A bacterial 16S rRNA gene clone library was established based on the bacterial genomic DNA from 1 participant during the double-cruciferous vegetable intake period to relate the tRFLP fragments to their taxonomic information. This participant was chosen because the fecal bacterial community as examined by tRFLP analysis showed a substantial difference between the 2 controlled diets and included 3 of the 4 tRFLP fragments that were significantly associated with cruciferous vegetable consumption. The library was created using Invitrogen TOPO-TA cloning kit (Invitrogen) following the manufacturer's protocol. A total of 96 white bacterial colonies were picked randomly and grown in Luria-Bertani broth (Invitrogen). The inserted 16S rRNA genes were partially sequenced at the Marine Biological Laboratory (Woods Hole, MA) using an ABI 373 sequencer (Applied Biosystems), dye terminator chemistry, and the 700r primer (34).

16S rRNA sequence alignment, BLAST, and phylogenetic inference.

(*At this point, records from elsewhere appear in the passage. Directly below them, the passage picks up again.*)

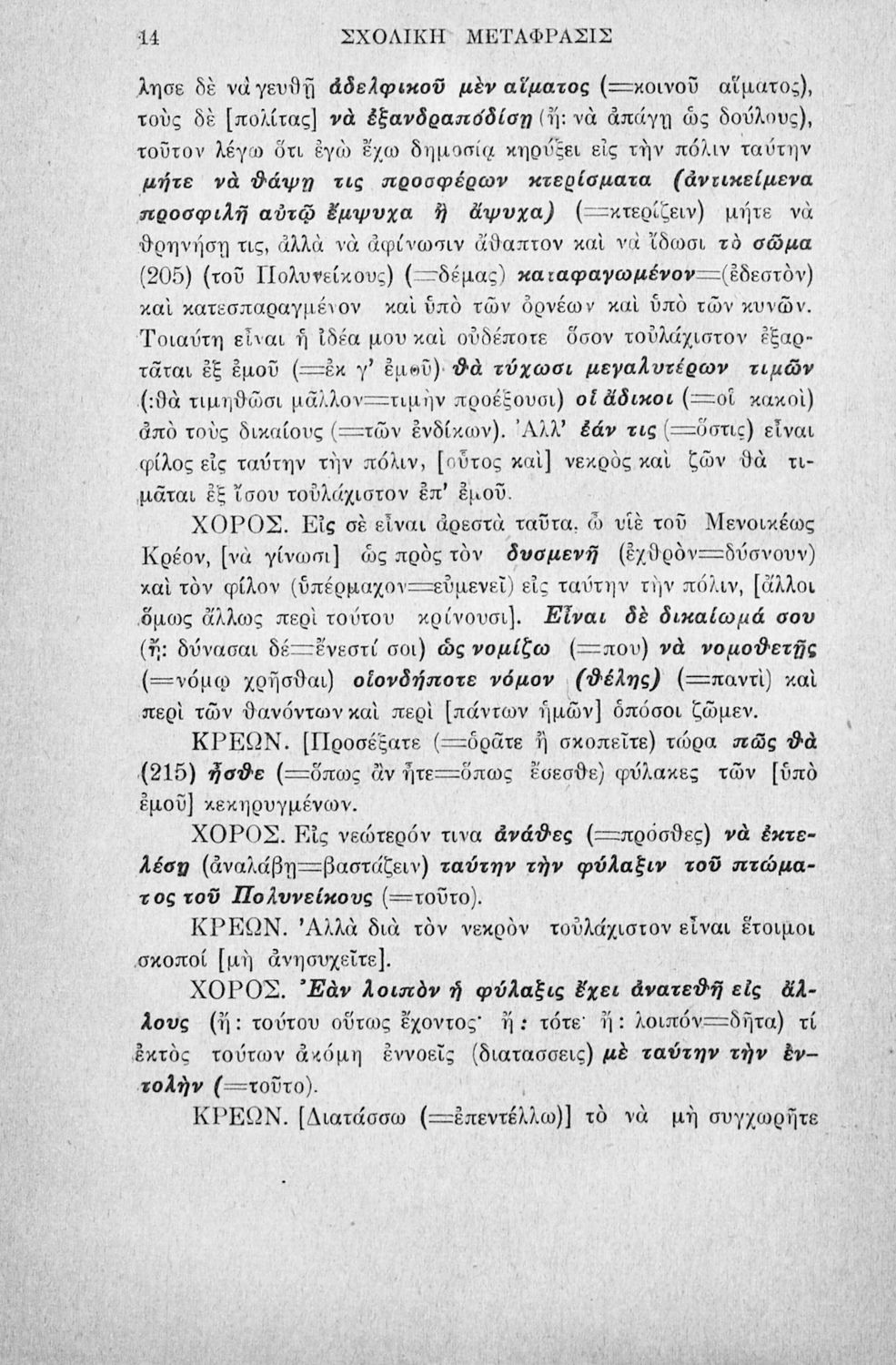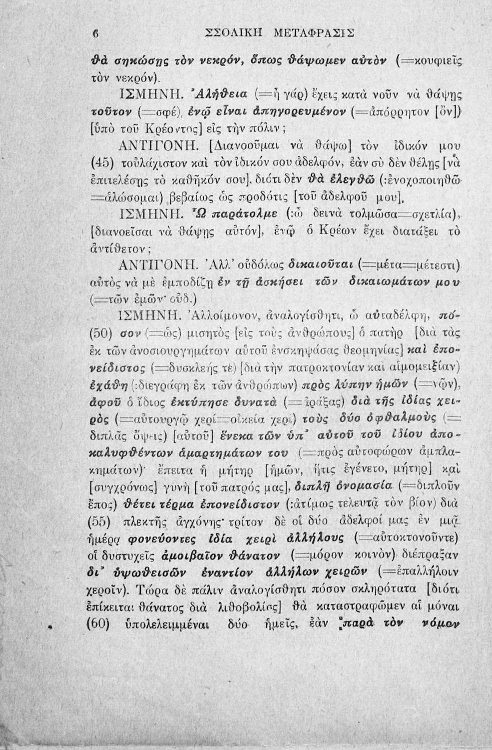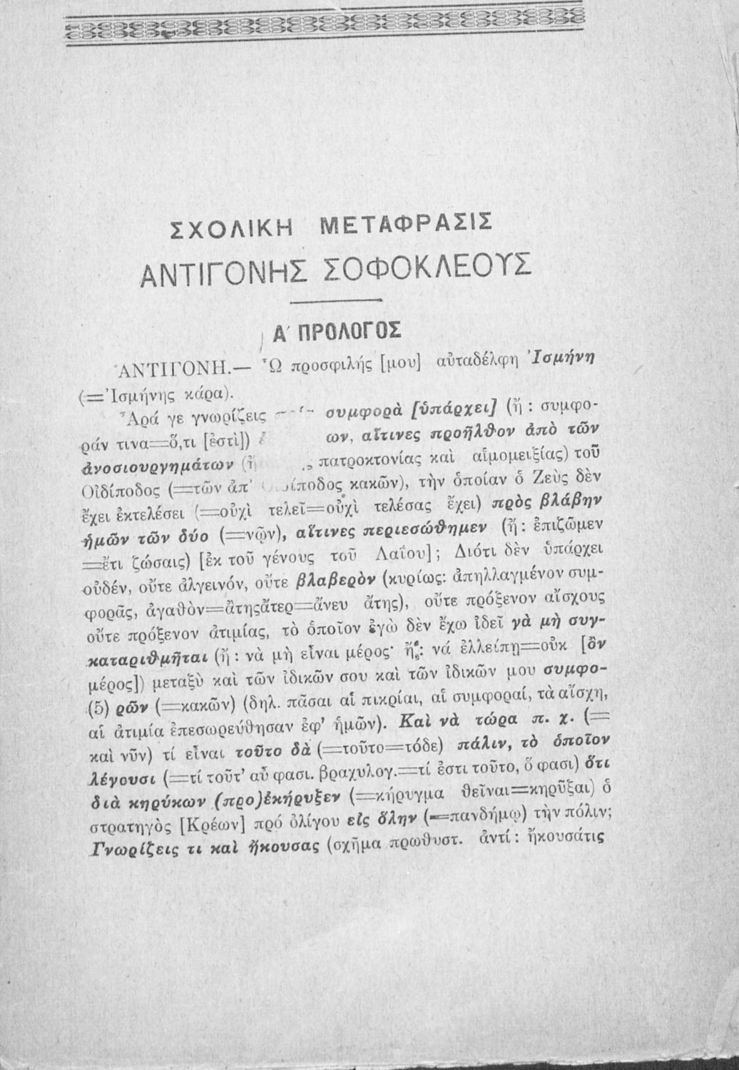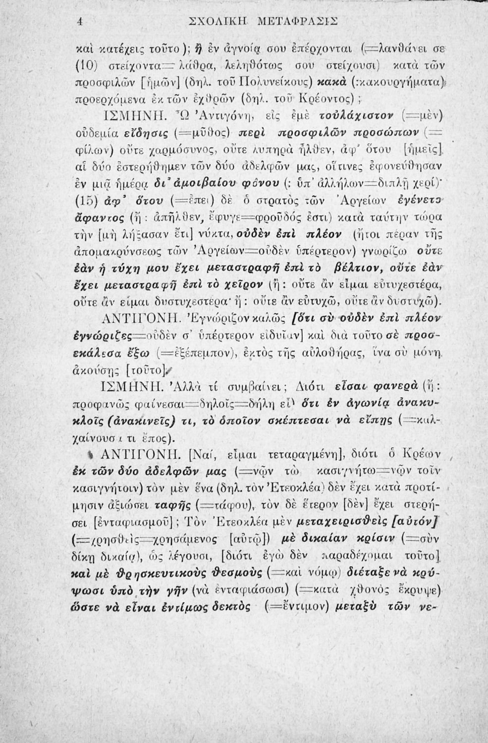 Μαθητικό βοήθημα Αρχαίων Ελληνικών Δ΄ Γυμνασίου που περιλαμβάνει μετάφραση της Αντιγόνης του Σοφοκλή.
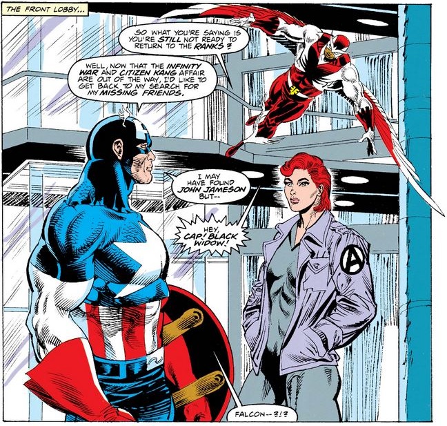 Next, Sam finds Cap and Black Widow catching up on recent events (and Cap’s continued reticence to end his leave of absence from the Avengers). We also learn that some time has passed since Cap returned from Starkesboro, as both the “Infinity War” and “Citizen Kang” storylines took place since then.
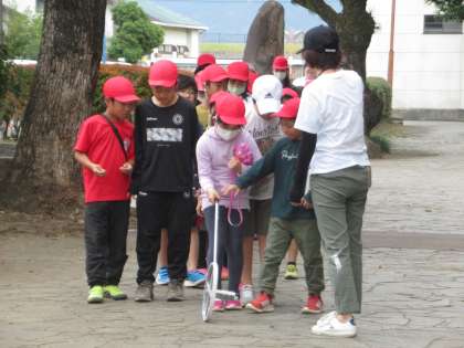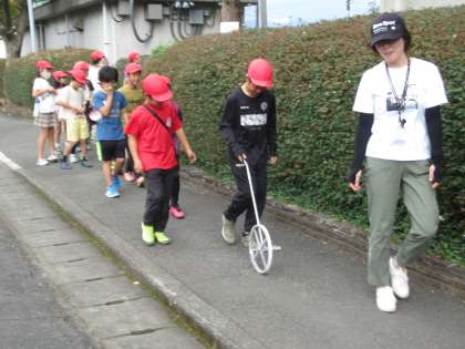 1Kmが実際にどのくらいの距離なのかを調べるため、計測器を使って調べています。
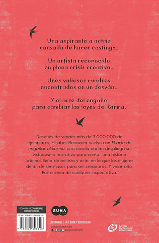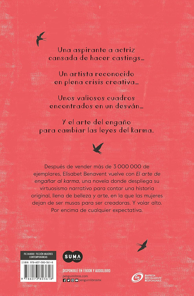 En El arte de engañar al karma, Elísabet Benavent presenta a una aspirante a actriz harta de rechazos y a un artista en plena crisis creativa. El hallazgo de unos cuadros olvidados los unirá en una trama de secretos, pasión y redención, donde el arte se convierte en el motor para cambiar sus destinos.
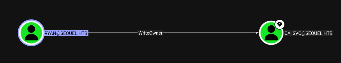 impacket-dacledit -action write -rights 'FullControl' -principal 'ryan' -target 'ca_svc' 'sequel.htb'/ryan:password
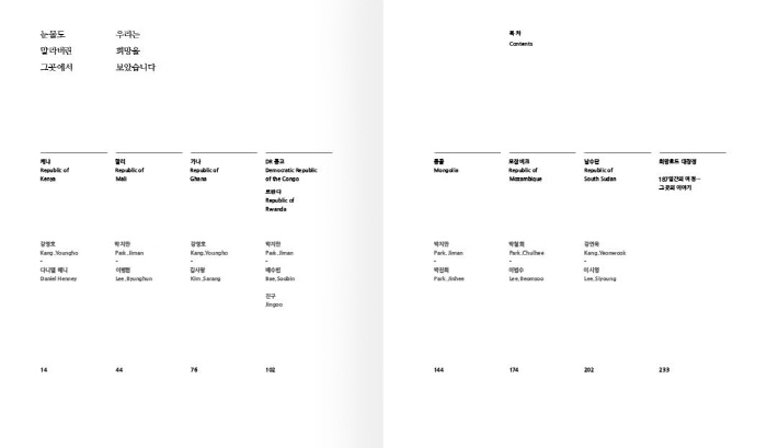 2. ³ª´Â ³²¾ÆÇÁ¸®Ä«°øÈ±¹¿¡ ´Ù³à¿Â ÀÌÈÄ ³ÑÄ¡´Â ¿¡³ÊÁö, Çã¹°¾øÀÌ ´Ù°¡¿À´Â »ç¶÷µéÀÇ ¸ð½À¿¡ ¸Å·áµÆ°í, ¾ÆÇÁ¸®Ä«¸¦ µ¿°æÇϰí ÀÖ¾ú´Ù. ±×·¡¼ ¼±¹è¿¡°Ô ÀÌ·± Á¦¾ÈÀ» ¹Þ¾ÒÀ» ¶§, ¾Æ¹« Á¶°ÇÀ̳ª ¸Á¼³ÀÓ ¾øÀÌ ¶°³µ´ø °Í °°´Ù. ±×¸®°í Á¤È®ÇÏ°Ô º¸°í ¹Ù¸£°Ô ÂïÀÚ´Â »ý°¢À» Çß´Ù. ÇØ¿Ü ºÀ»çȰµ¿À» ´Ù·é ¸¹Àº ¿µ»ó¹°¿¡¼ ¾ÆÀ̸¦ ¾È°í Èå´À³¢´Â ¹è¿ìµéÀ» º¸¾Ò°í, ½ÇÀº ±×°ÍÀÌ Á¤È®ÇÏ°Ô ¾îµð±îÁö°¡ Áø½ÉÀÎÁö ¾îµð ÇÑ ¹ø º¸ÀÚ°í ÀÛÁ¤À» ÇßÀ»Áöµµ ¸ð¸¥´Ù. ±×·±µ¥ ÇöÀåÀ» º¸ÀÚ ¸·¸·Çß´Ù. ¿Ö ±×·¸°Ô »ì¾Æ¾ß ÇÏ´Â °ÇÁö, ¾î¶»°Ô »ì¾Æ°¥Áö∙∙∙ ¹è°íÇİú Áúº´¿¡ ½ÅÀ½ÇÏ´Â ¾ÆÀ̵éÀ» º¸°í ÇÒ ¸»À» ÀÒ¾ú´Ù. °¡Àå Èûµé¾ú´ø °ÍÀº µµ¿òÀ» ÁÖ¾ú´ø ¾ÆÀ̰¡ ¼¼»óÀ» ¶°³µ´ø ÀÏÀÌ´Ù. ´Ù½Ã ¸¸³ª·¯ ¿ÔÀ» ¶§, ó·®ÇÑ ¹«´ý ¾Õ¿¡ ¾É¾Æ ¿ï´ø ¾ÆÀÌ ¾î¸Ó´ÏÀÇ ¾ó±¼À» º¸¸ç óÀ½À¸·Î ¸¹Àº °¥µîÀ» Çß´Ù. Àú »ç¶÷µµ °¨Á¤ÀÌ Àִµ¥ ³»°¡ ¹«´ý ¾Õ¿¡¼ ±¸µµ¸¦ »ý°¢ÇÏ¸é¼ »çÁøÀ» ²À Âï¾î¾ß Çϳª∙∙∙ ±×·± »ý°¢¿¡ ³ª ÀÚ½ÅÀÌ ºñ°ÌÇÏ°Ô ´À²¸Á³´ø °Í °°´Ù. ∙∙∙(Áß·«)∙∙∙ ¾ÆÁ÷µµ ¸ÕÀú ´Ù°¡¿Í ¿Í¶ô ¾È¾ÆÁÖ´ø ¾ÆÇÁ¸®Ä« ¼Ò³â Çϳª°¡ »ý°¢³´Ù. Á» ´õ ¾È¾ÆÁÖ°í ¿Ã °É ±×·¨´Ù. ¹Ì¾ÈÇÏ´Ù ¾êµé¾Æ!
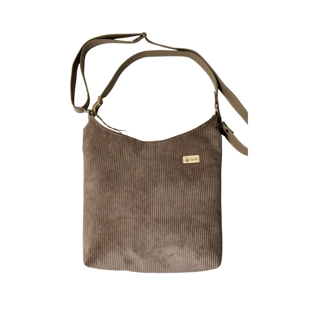 Ručně šitá velká crossbody kabelka z manšestru s bavlněnou podšívkou, prostorná a praktická pro každodenní nošení.
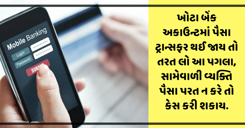 ઘણીવાર બેંક એકાઉન્ટમાં પૈસા ટ્રાન્સફર કરતી વખતે ભૂલથી બેંક અકાઉન્ટ નંબર ખોટો નાખવાથી પૈસા ખોટા અકાઉન્ટમાં ટ્રાન્સફર થઈ જાય છે. ઈન્ટરનેટ બેંકિંગના વધતા ચલણના કારણે આ પ્રકારની સમસ્યાઓ વધી રહી છે. ઘણા લોકોને એ વાતની જાણકારી જ નથી હોતી કે ખોટા ખાતામાં પૈસા ટ્રાન્સફર થઈ જાય તો શું કરવું જોઇએ અને આ પૈસા કેવી રીતે પાછા મેળવી શકાય? તો ચાલો આજે જાણી લઇએ કે આપણી સાથે આવું થયું તો પૈસાનું નુકસાન થતું રોકવા શું કરવું જોઇએ.
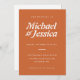 Parte de uma suíte de casamento. Um convite de casamento laranja minimalista do terracotta com um design tipográfico e uma serifa inspirada no art nouveau que é perfeita para o outono ou para a noiva do outono. A parte de trás do convite contém um design de monograma simples opcional. Personalize facilmente substituindo cada informação. Escolha o seu hoje.
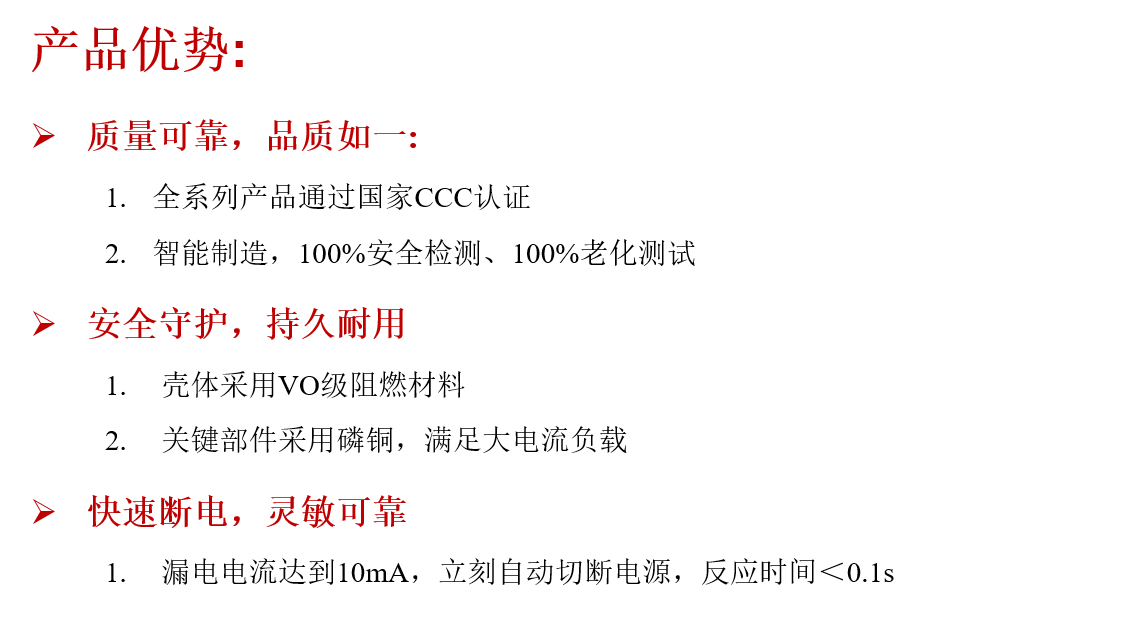 The series leakage protection switch sockets products launched by our company include leakage protection plugs, leakage protection sockets, and household leakage protection switches. The product is widely used in various household appliances such as water heaters and air conditioners for electric leakage protection.
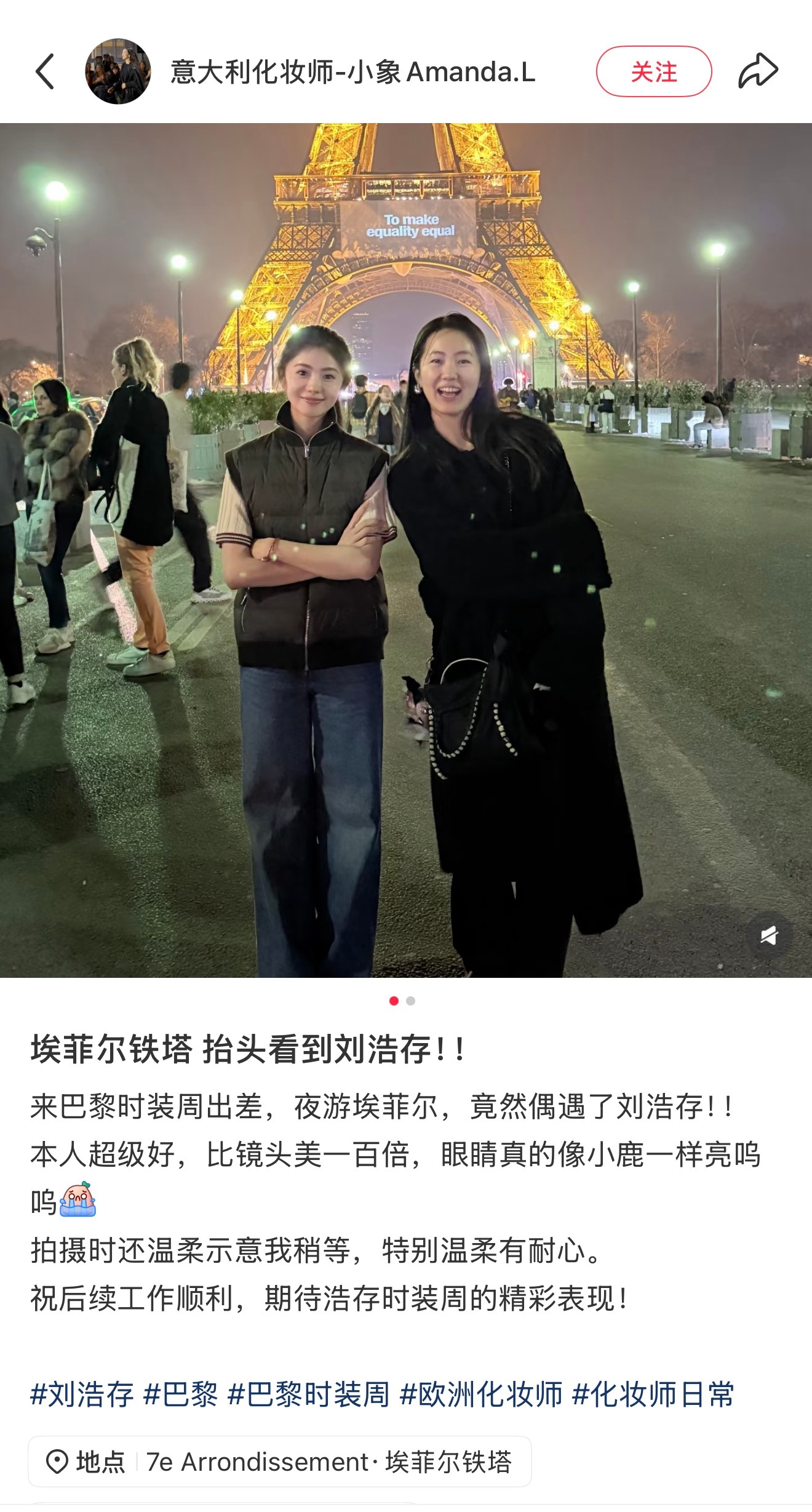 网友埃菲尔铁塔下偶遇刘浩存存儿的私服好萌啊,小小的头和脸
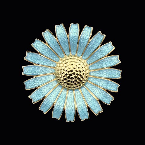 A. Michelsen Marguerit / Daisy Broche i forgyldt sterling sølv med turkis emalje - 43mm.
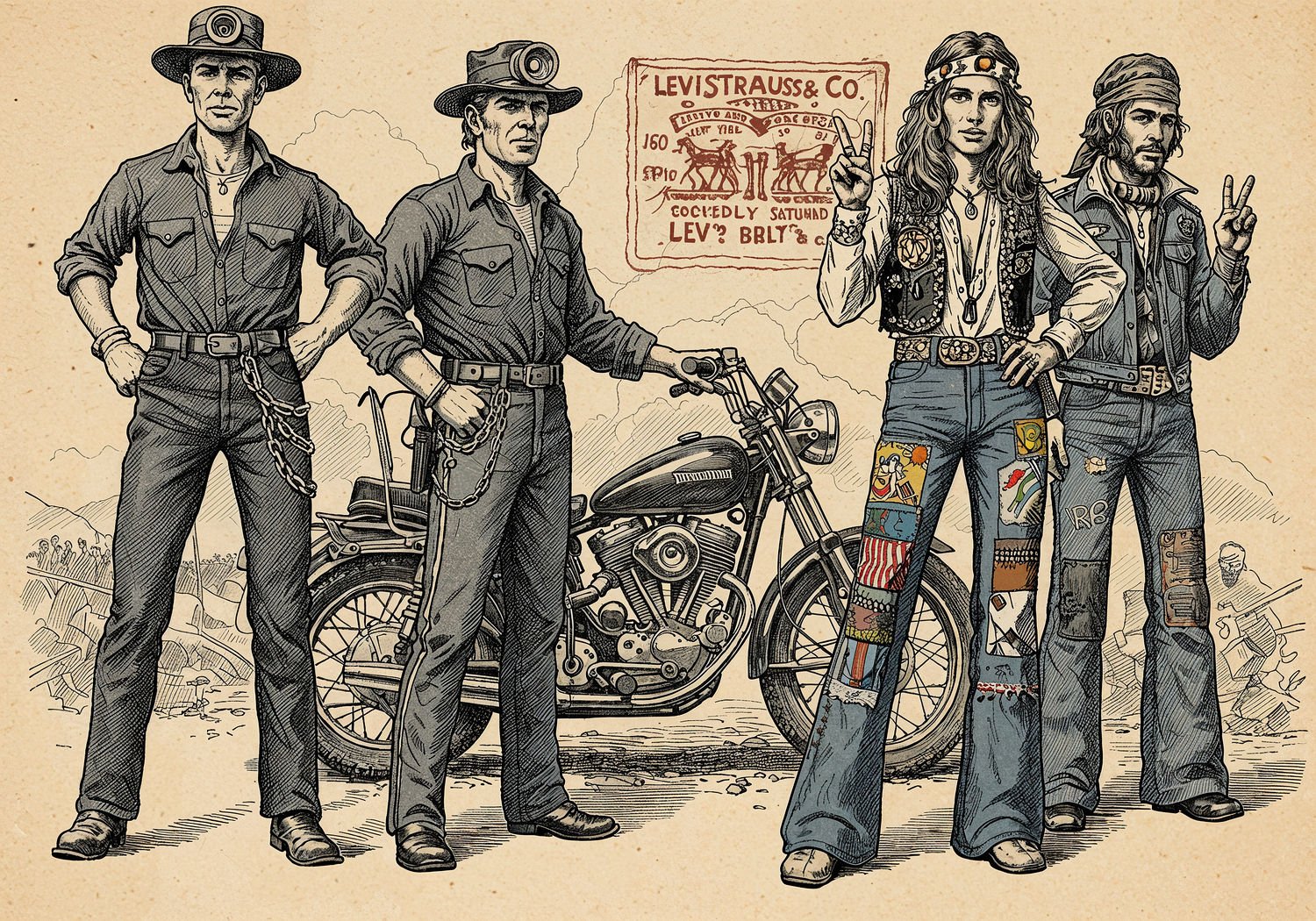 Traditional detailed engraving illustration with modern elements, etched lines, high contrast black and white, meticulous cross-hatching to create depth, printed on aged parchment paper of: Traditional detailed engraving illustration with modern elements, etched lines, high contrast black and white, meticulous cross-hatching to create depth, printed on aged parchment paper of: A historical montage illustrating the evolution of Levi’s jeans: in the foreground, a 1980s fashion model strutting on a runway in slim-fit designer jeans with embroidered pockets; to the right, a 1960s hippie at Woodstock festival wearing colorful patched bell-bottom jeans, holding a peace sign; in the background left, a 1950s biker on a motorcycle in rugged 501 jeans with leather jacket and chains; furthest back, a 19th-century gold miner in original riveted denim pants working in a California mine, with a Levi Strauss & Co. label visible on all figures. Illustration: copperplate etching texture, ink lines, dramatic shading, artistic style, deep focus, museum quality print with humorous twist. Illustration: copperplate etching texture, ink lines, dramatic shading, artistic style, deep focus, museum quality print with humorous twist.

16S rRNA gene sequences were edited and assembled into consensus sequences using PHRED and PHRAP software packages (CodonCode) based on PHRAP quality scores of 20. The final data set containing 79 sequences was compared with the GenBank sequences by using the program BLAST (35). Consensus sequences were aligned to the 16S rRNA sequence database in the ARB software package (36). Phylogenetic relationships of bacterial 16S rRNA gene sequences (based on the Escherichia coli 16S rRNA gene nucleotide position 68–644; the rest of the positions were masked) were inferred using the neighbor joining method with Kimura 2-parameter genetic distances (2:1 transition:transversion ratio) with bootstrap proportions calculated using PAUP 4.0 from 100 resampled data sets on the aligned sequences (37). Selected bacteria species were included in the phylogenetic tree for reference. These sequences were further digested in silico by Fragment Finder (38) to match the specifically sized tRFLP fragments.

Statistical analysis.

Paired t tests were used to compare any differences in urinary ITC excretion and dietary fiber intake for the participants between the basal and double-cruciferous vegetable diet periods.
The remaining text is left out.